__Task prompt__.
Below are records to repeat exactly; copy them without the pictures.

(Stored data)

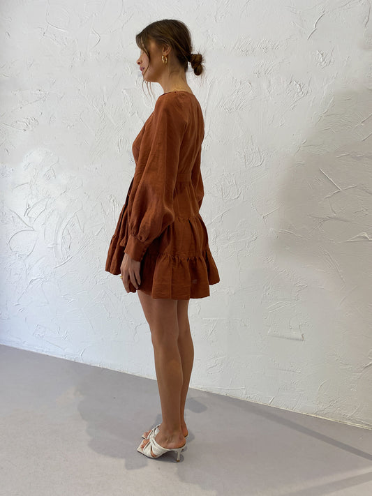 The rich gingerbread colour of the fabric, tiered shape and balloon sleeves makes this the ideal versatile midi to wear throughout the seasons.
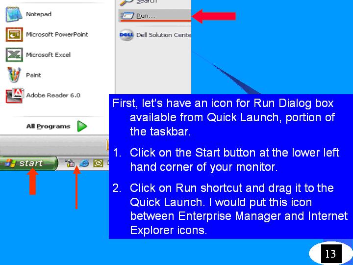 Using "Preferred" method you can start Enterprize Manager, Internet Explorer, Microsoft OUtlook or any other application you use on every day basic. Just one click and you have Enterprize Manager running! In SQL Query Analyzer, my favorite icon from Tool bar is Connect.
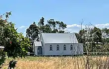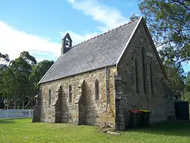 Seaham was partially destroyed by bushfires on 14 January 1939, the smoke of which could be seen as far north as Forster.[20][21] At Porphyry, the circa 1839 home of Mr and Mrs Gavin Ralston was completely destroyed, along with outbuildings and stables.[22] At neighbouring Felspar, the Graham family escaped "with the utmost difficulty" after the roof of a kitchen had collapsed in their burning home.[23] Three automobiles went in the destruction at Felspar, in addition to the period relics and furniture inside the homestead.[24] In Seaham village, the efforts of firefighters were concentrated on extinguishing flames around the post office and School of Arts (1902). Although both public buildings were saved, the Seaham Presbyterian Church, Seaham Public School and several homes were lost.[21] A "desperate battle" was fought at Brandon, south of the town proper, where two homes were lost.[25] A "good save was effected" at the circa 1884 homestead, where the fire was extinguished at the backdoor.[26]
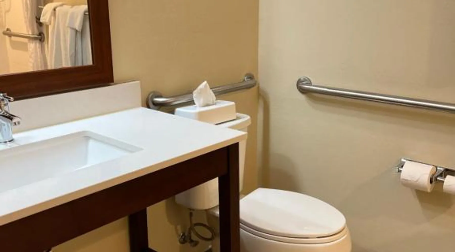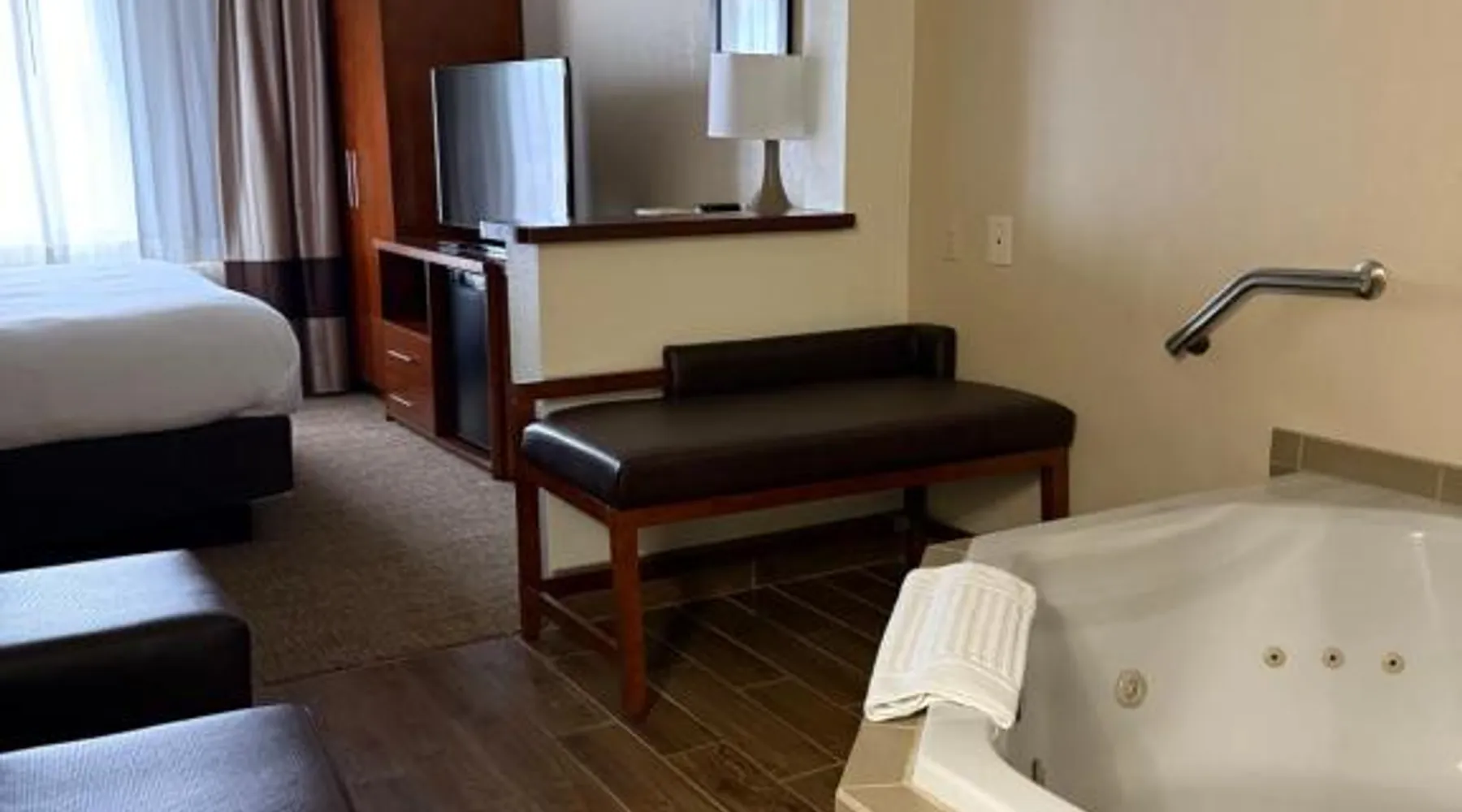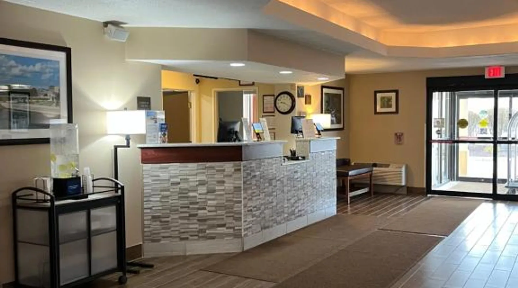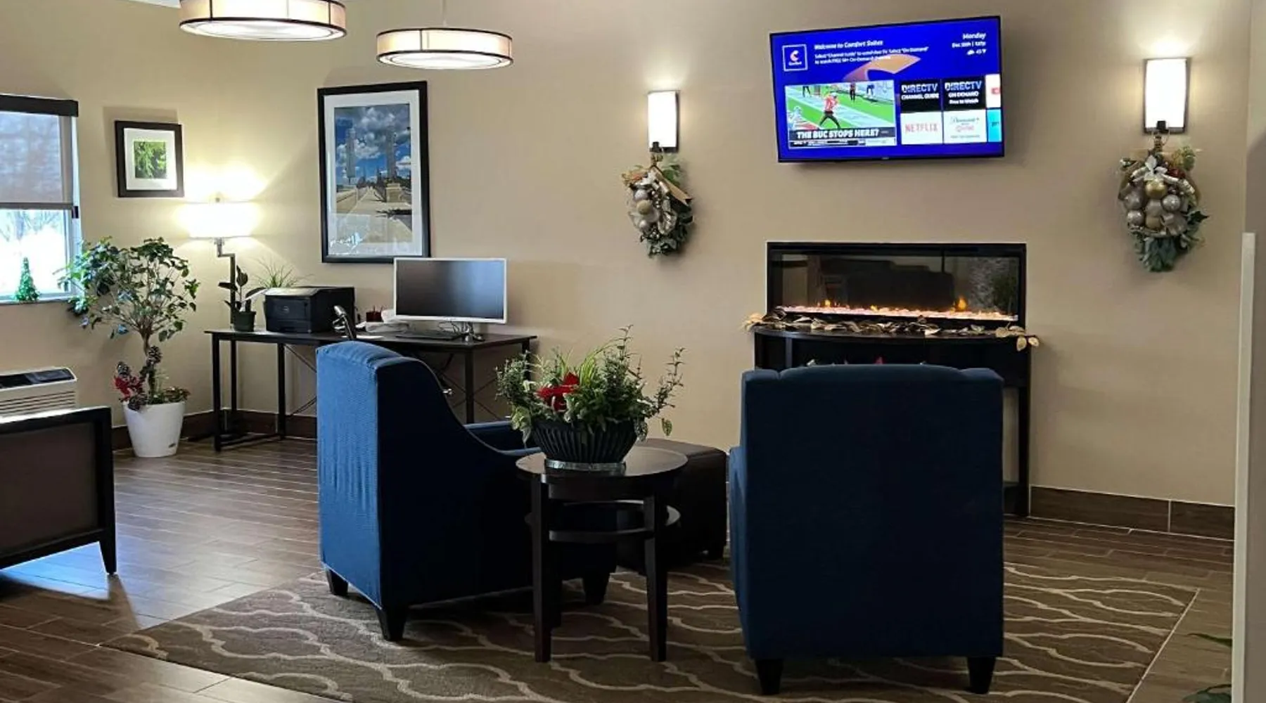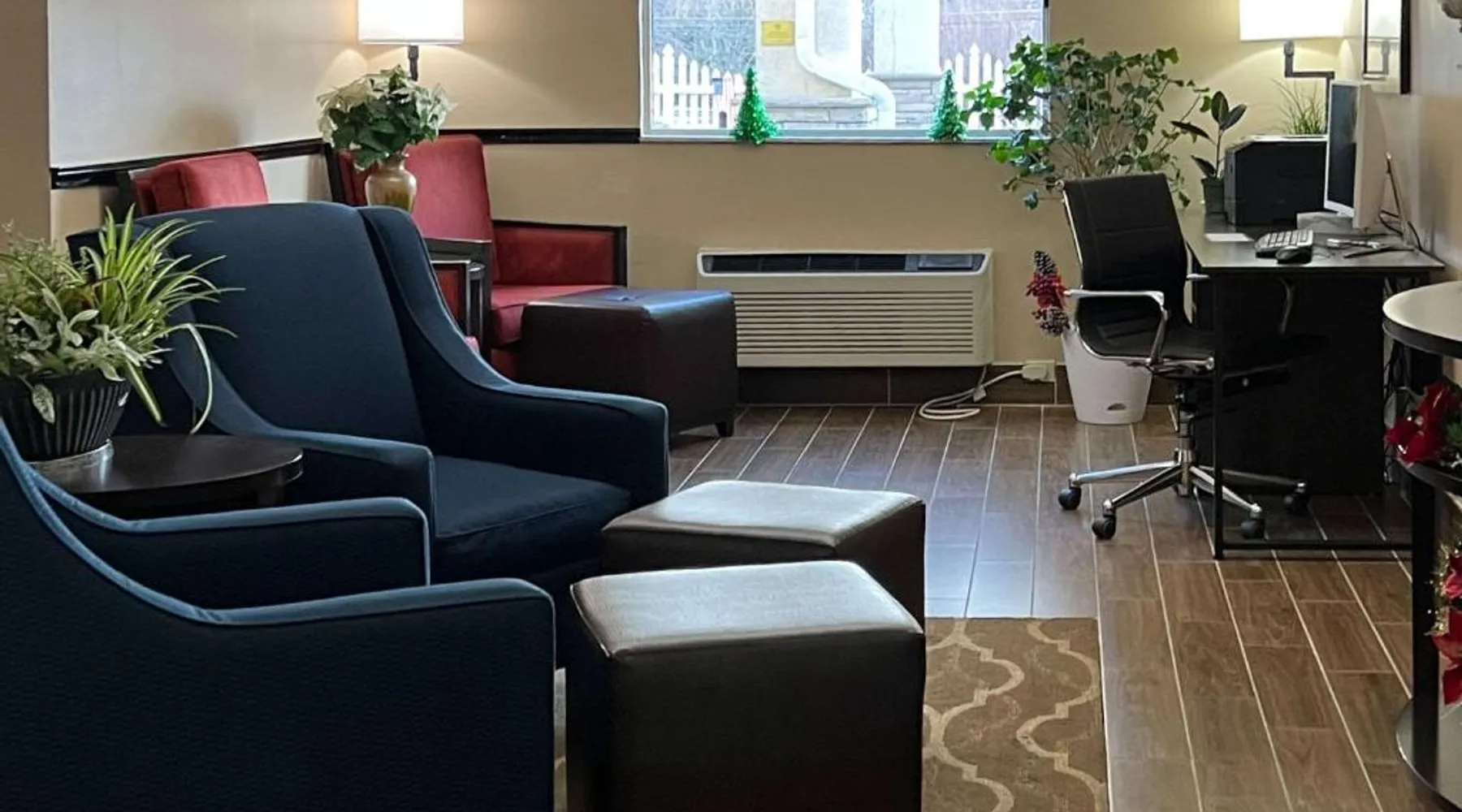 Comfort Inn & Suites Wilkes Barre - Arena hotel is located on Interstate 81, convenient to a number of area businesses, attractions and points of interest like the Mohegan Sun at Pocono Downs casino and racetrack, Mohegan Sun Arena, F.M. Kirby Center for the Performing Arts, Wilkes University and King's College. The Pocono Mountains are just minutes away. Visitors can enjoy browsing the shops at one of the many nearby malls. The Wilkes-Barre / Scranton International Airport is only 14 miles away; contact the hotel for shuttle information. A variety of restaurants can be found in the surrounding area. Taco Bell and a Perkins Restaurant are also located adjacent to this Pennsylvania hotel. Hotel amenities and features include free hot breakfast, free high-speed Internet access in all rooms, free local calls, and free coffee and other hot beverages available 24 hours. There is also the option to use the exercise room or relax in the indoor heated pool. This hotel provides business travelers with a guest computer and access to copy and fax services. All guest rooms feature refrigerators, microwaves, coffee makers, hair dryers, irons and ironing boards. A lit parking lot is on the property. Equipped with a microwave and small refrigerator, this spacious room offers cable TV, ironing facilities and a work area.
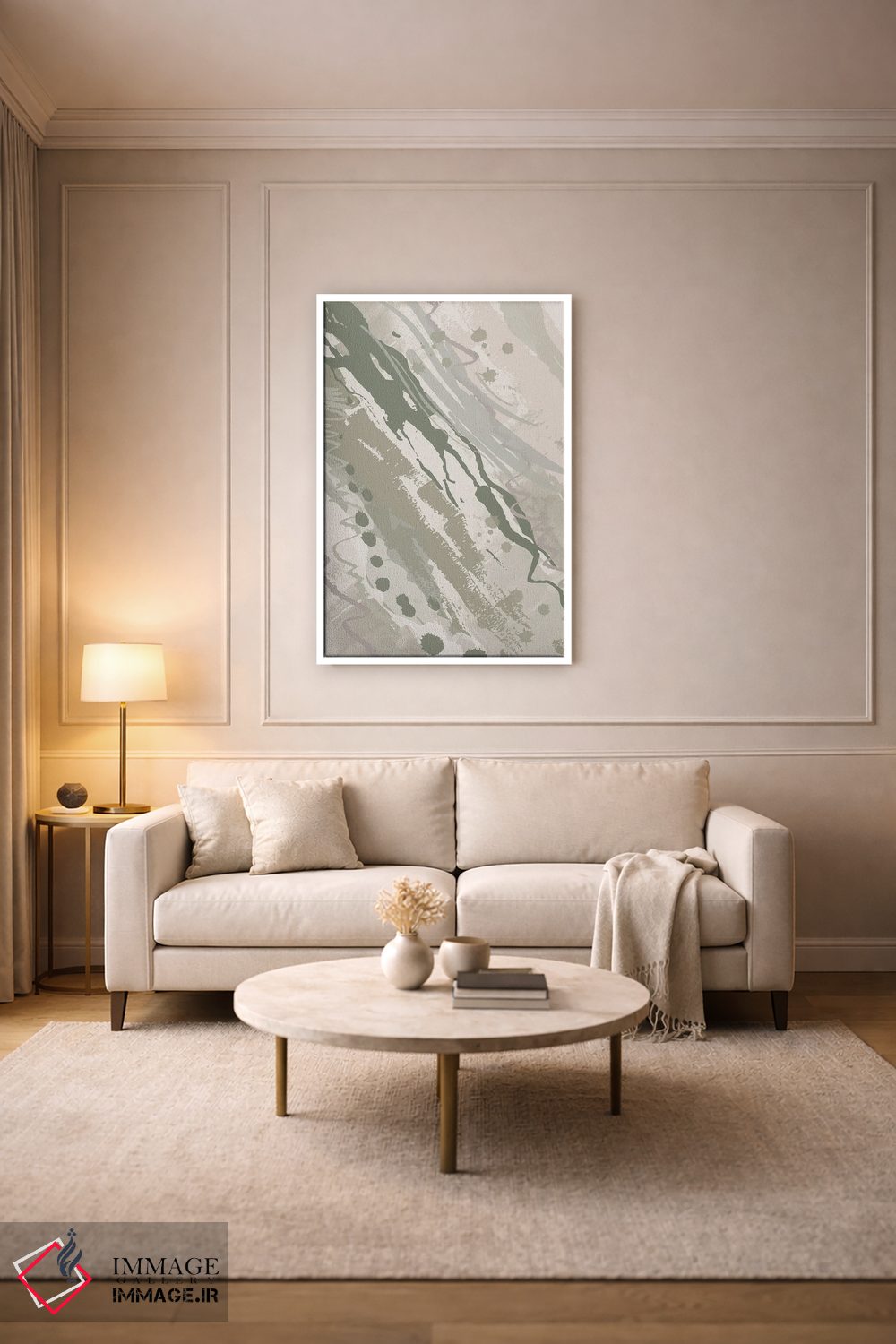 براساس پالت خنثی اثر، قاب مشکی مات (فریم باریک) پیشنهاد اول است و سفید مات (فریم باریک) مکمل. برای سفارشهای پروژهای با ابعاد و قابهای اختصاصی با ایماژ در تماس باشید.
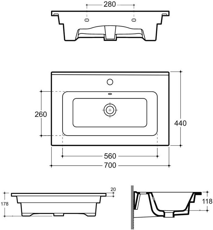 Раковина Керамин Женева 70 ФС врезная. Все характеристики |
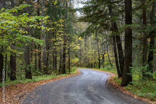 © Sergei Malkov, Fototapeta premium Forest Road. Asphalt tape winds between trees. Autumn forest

__Problem solution__.
 The rich gingerbread colour of the fabric, tiered shape and balloon sleeves makes this the ideal versatile midi to wear throughout the seasons.
 Using "Preferred" method you can start Enterprize Manager, Internet Explorer, Microsoft OUtlook or any other application you use on every day basic. Just one click and you have Enterprize Manager running! In SQL Query Analyzer, my favorite icon from Tool bar is Connect.
 Seaham was partially destroyed by bushfires on 14 January 1939, the smoke of which could be seen as far north as Forster.[20][21] At Porphyry, the circa 1839 home of Mr and Mrs Gavin Ralston was completely destroyed, along with outbuildings and stables.[22] At neighbouring Felspar, the Graham family escaped "with the utmost difficulty" after the roof of a kitchen had collapsed in their burning home.[23] Three automobiles went in the destruction at Felspar, in addition to the period relics and furniture inside the homestead.[24] In Seaham village, the efforts of firefighters were concentrated on extinguishing flames around the post office and School of Arts (1902). Although both public buildings were saved, the Seaham Presbyterian Church, Seaham Public School and several homes were lost.[21] A "desperate battle" was fought at Brandon, south of the town proper, where two homes were lost.[25] A "good save was effected" at the circa 1884 homestead, where the fire was extinguished at the backdoor.[26]
 Comfort Inn & Suites Wilkes Barre - Arena hotel is located on Interstate 81, convenient to a number of area businesses, attractions and points of interest like the Mohegan Sun at Pocono Downs casino and racetrack, Mohegan Sun Arena, F.M. Kirby Center for the Performing Arts, Wilkes University and King's College. The Pocono Mountains are just minutes away. Visitors can enjoy browsing the shops at one of the many nearby malls. The Wilkes-Barre / Scranton International Airport is only 14 miles away; contact the hotel for shuttle information. A variety of restaurants can be found in the surrounding area. Taco Bell and a Perkins Restaurant are also located adjacent to this Pennsylvania hotel. Hotel amenities and features include free hot breakfast, free high-speed Internet access in all rooms, free local calls, and free coffee and other hot beverages available 24 hours. There is also the option to use the exercise room or relax in the indoor heated pool. This hotel provides business travelers with a guest computer and access to copy and fax services. All guest rooms feature refrigerators, microwaves, coffee makers, hair dryers, irons and ironing boards. A lit parking lot is on the property. Equipped with a microwave and small refrigerator, this spacious room offers cable TV, ironing facilities and a work area.
 براساس پالت خنثی اثر، قاب مشکی مات (فریم باریک) پیشنهاد اول است و سفید مات (فریم باریک) مکمل. برای سفارشهای پروژهای با ابعاد و قابهای اختصاصی با ایماژ در تماس باشید.
 Раковина Керамин Женева 70 ФС врезная. Все характеристики |
 © Sergei Malkov, Fototapeta premium Forest Road. Asphalt tape winds between trees. Autumn forest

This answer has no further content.